--- RAW DATA Enclosed Below ---
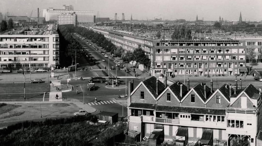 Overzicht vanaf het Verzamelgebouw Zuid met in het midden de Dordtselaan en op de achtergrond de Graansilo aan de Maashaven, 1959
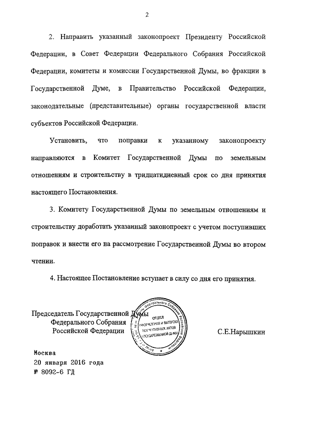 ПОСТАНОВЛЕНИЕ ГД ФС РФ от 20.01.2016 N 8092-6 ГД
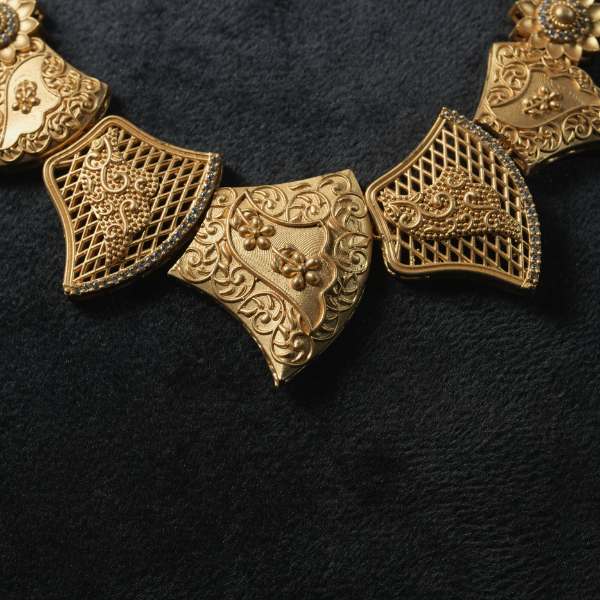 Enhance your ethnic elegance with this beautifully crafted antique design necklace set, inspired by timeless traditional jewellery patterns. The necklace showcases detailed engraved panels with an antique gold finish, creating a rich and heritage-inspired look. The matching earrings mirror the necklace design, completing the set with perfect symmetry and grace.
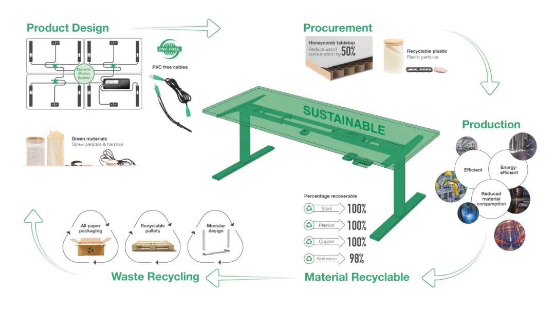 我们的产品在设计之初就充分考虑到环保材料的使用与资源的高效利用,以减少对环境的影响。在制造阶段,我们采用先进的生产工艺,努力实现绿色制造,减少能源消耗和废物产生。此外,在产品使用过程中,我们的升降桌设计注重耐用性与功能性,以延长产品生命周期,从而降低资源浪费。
--- End of Enclosed RAW DATA ---
--- RAW DATA Enclosed Below ---
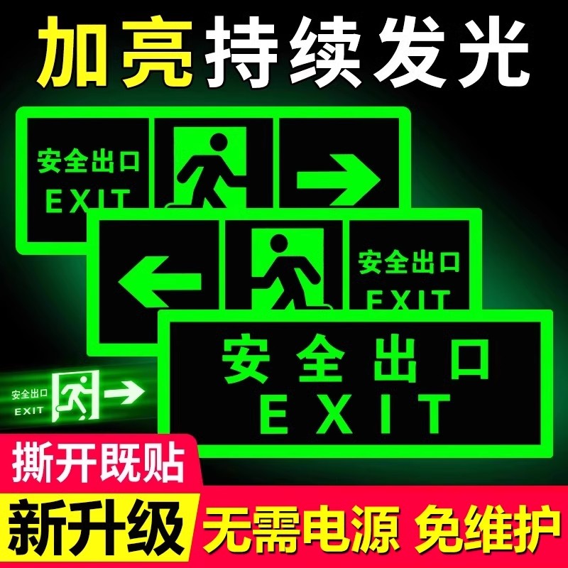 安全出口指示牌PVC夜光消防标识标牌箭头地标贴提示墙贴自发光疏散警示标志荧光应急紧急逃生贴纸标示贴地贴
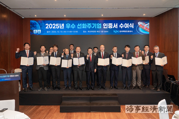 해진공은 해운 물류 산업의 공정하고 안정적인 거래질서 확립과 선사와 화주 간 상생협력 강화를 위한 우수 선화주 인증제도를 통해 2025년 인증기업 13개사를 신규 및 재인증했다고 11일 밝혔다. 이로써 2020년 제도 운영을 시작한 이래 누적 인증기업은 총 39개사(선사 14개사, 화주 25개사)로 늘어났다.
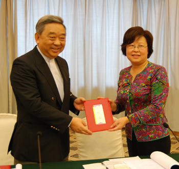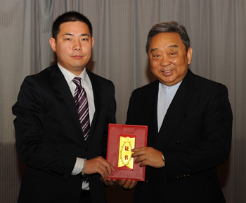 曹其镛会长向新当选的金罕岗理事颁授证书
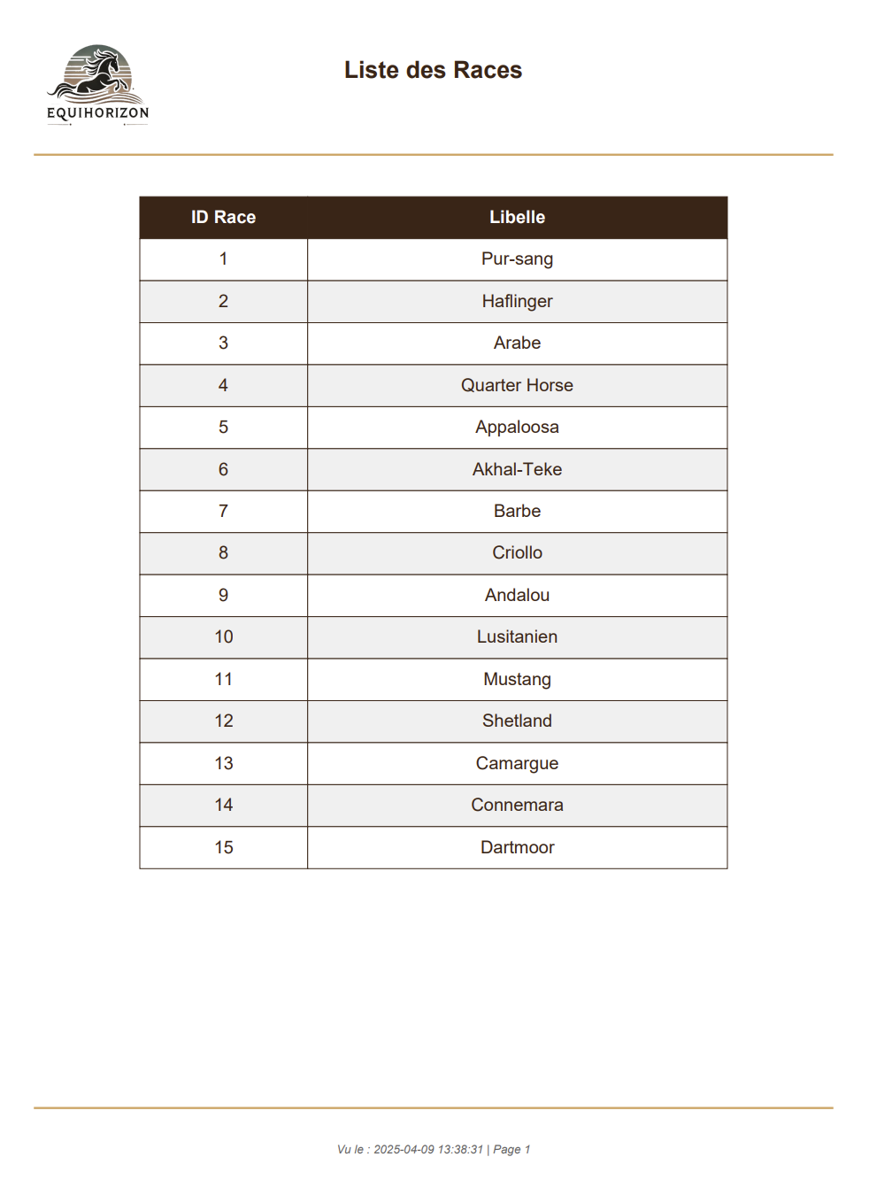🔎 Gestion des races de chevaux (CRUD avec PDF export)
--- End of Enclosed RAW DATA ---
- **PROBLEM TO WORK ON**:
When copying from the data above, print only the lines from the line containing "曹其镛会长向新当选的金罕岗理事颁授证书" to the line containing "avec PDF export)", exactly, and leave the pictures out.

- **RESPONSE FOR THIS EXERCISE**:
 曹其镛会长向新当选的金罕岗理事颁授证书
🔎 Gestion des races de chevaux (CRUD avec PDF export)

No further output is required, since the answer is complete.